What the task asks:
Without any pictures, print the lines below from the one that has "Instead of manually" through the one that has "Gebruik de zoekbalk", exactly and nothing else.

Working data:
====================

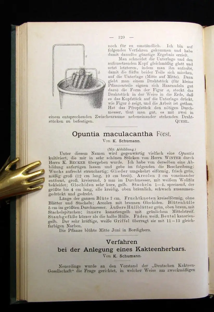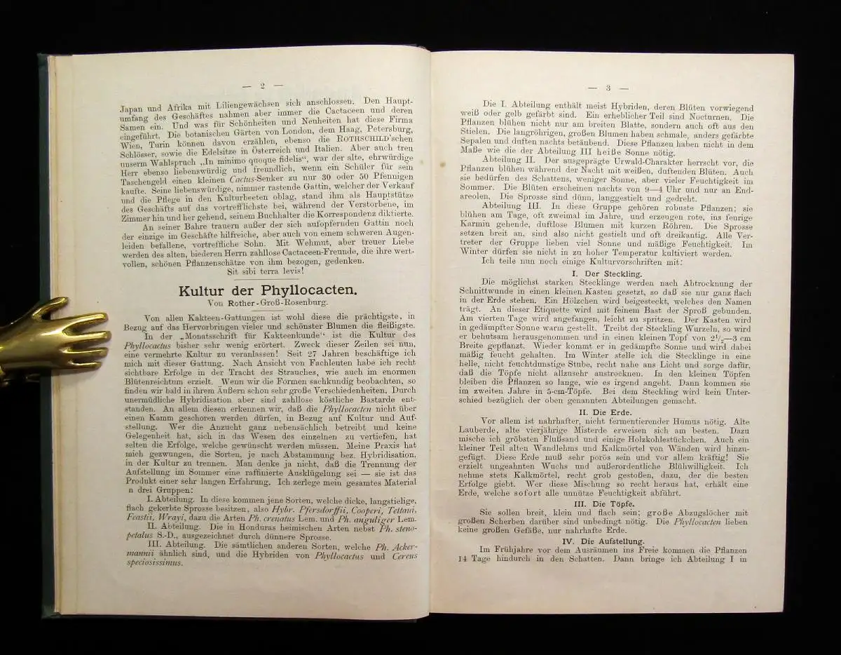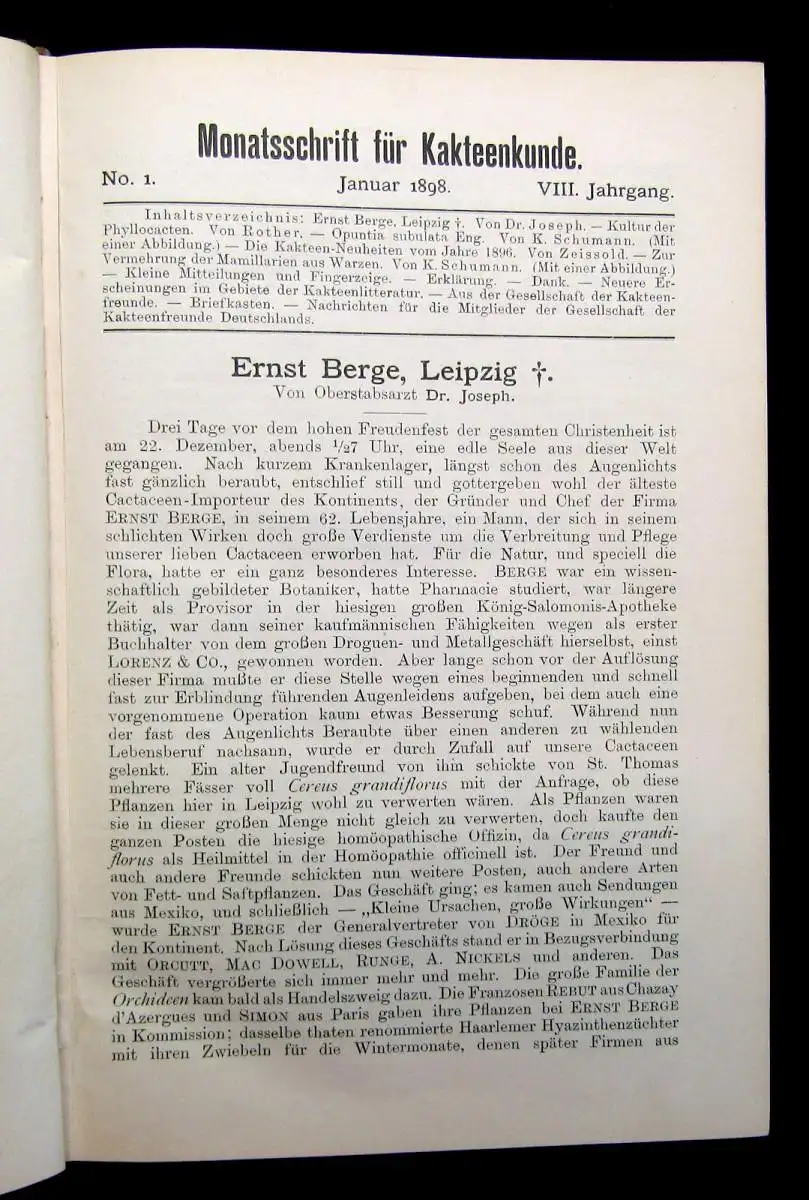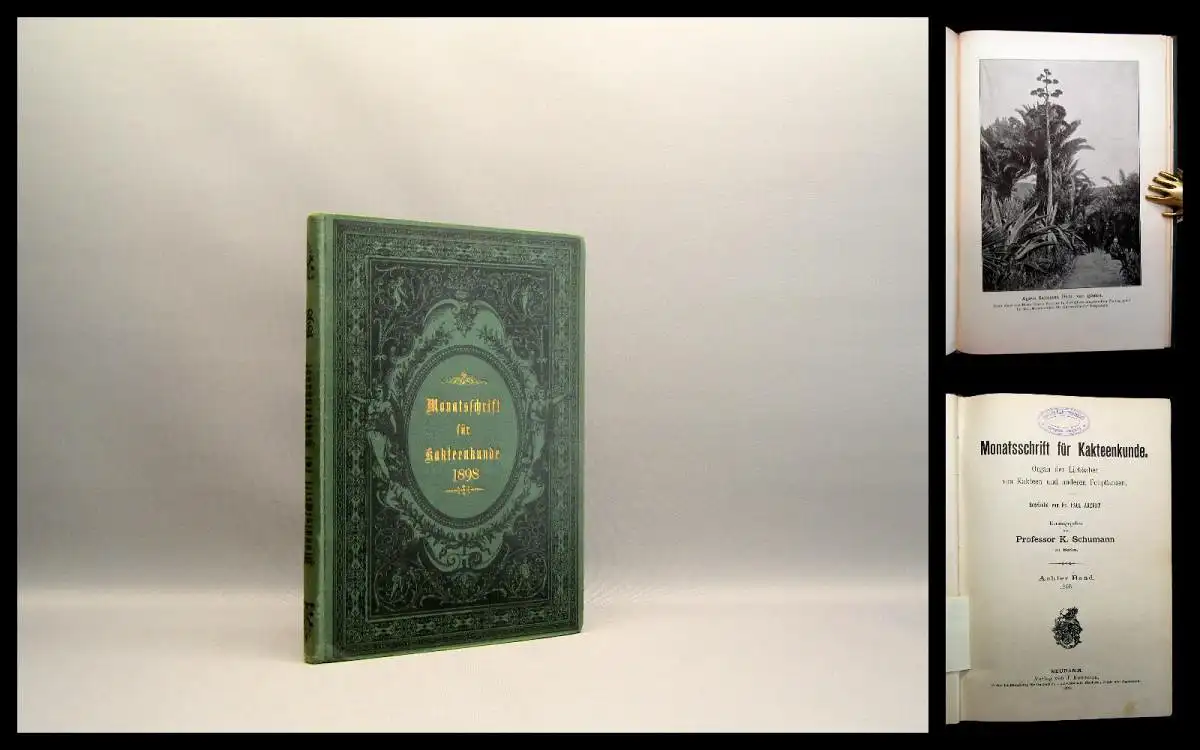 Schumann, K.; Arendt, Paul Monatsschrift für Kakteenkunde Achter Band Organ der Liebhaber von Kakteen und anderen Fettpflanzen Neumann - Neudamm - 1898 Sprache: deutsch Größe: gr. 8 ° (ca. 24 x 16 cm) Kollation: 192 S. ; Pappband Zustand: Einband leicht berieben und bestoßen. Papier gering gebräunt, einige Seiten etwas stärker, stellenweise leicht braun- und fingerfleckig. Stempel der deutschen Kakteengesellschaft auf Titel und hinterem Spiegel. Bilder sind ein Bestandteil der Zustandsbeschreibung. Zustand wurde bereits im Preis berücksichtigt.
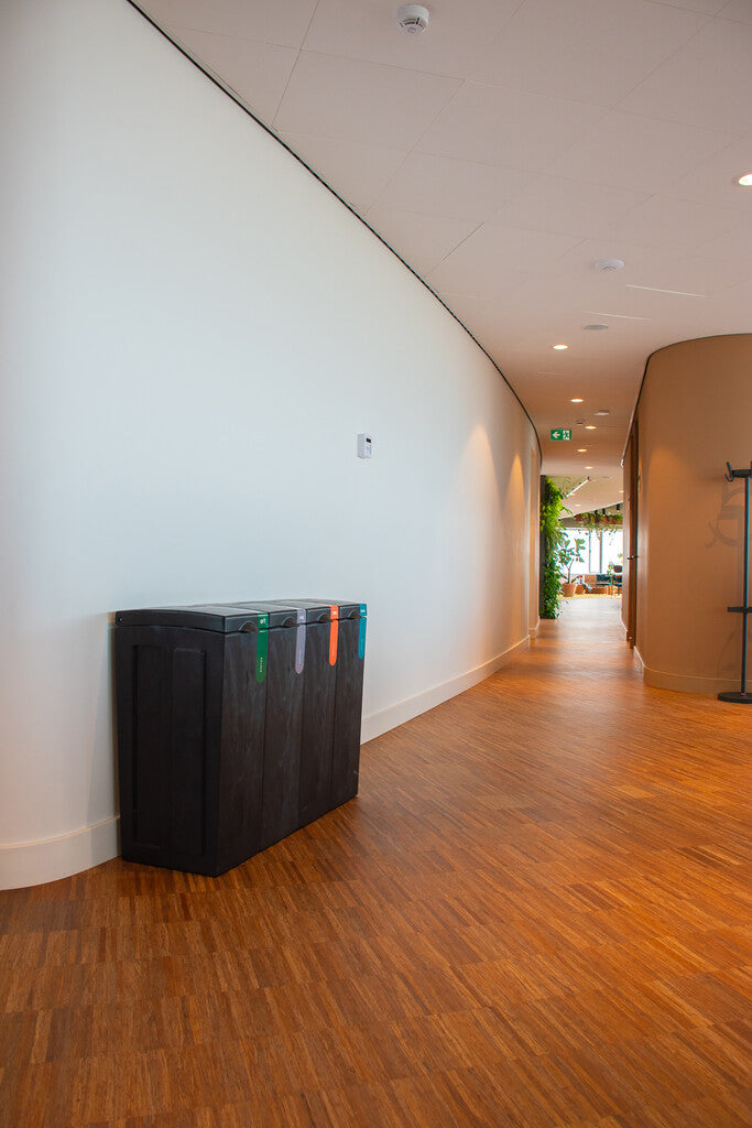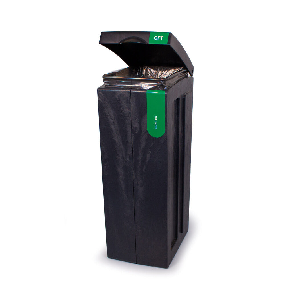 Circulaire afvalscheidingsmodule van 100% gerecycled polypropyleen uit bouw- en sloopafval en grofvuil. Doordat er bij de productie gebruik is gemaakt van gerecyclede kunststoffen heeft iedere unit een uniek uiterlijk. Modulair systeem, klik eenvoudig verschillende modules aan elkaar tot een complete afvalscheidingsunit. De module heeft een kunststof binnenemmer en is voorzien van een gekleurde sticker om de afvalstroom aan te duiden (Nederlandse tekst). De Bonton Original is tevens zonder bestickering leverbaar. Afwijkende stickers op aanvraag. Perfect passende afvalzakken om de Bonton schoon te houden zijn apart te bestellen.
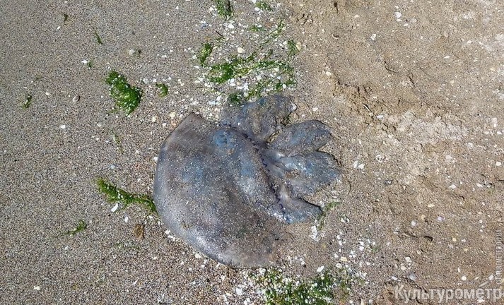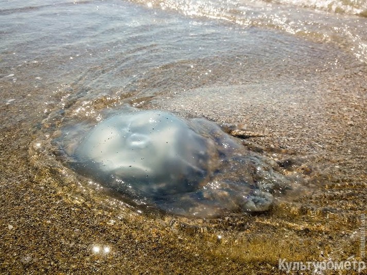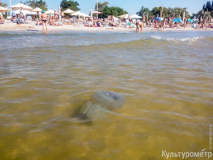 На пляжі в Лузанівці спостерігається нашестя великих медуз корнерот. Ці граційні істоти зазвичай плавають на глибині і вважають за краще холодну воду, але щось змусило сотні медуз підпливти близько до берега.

====================

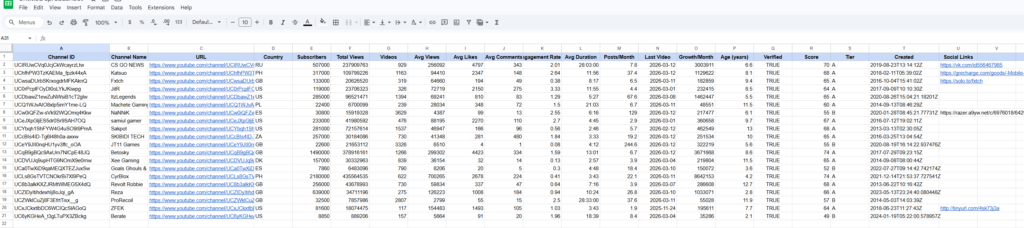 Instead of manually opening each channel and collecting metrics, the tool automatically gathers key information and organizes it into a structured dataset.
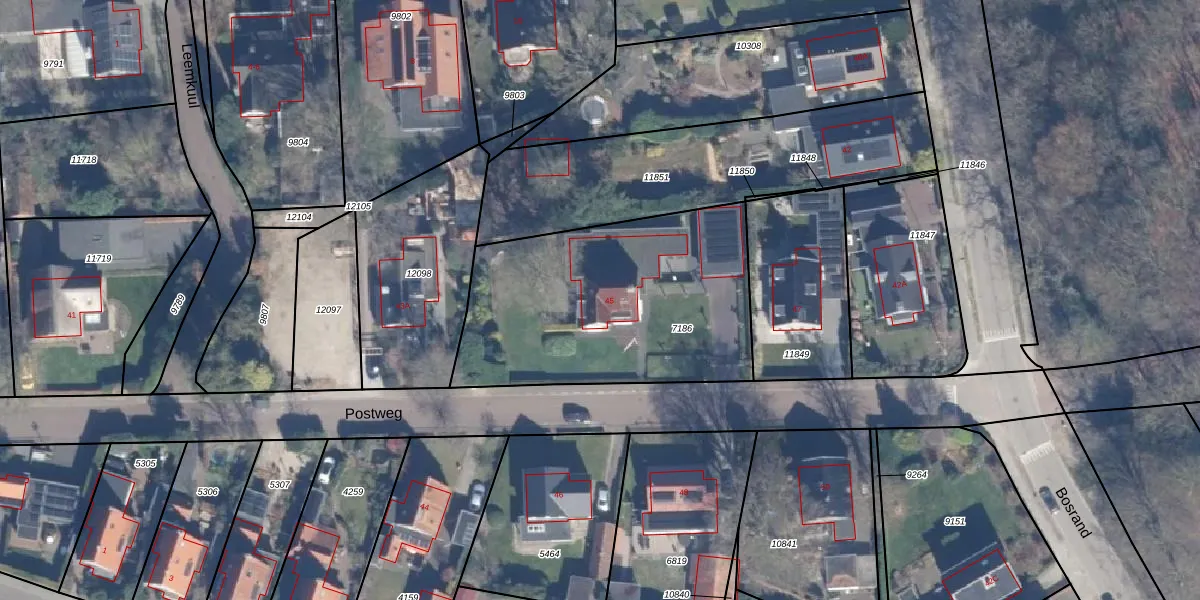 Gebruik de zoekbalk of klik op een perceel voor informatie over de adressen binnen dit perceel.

====================

Response to the exercise:
 Instead of manually opening each channel and collecting metrics, the tool automatically gathers key information and organizes it into a structured dataset.
 Gebruik de zoekbalk of klik op een perceel voor informatie over de adressen binnen dit perceel.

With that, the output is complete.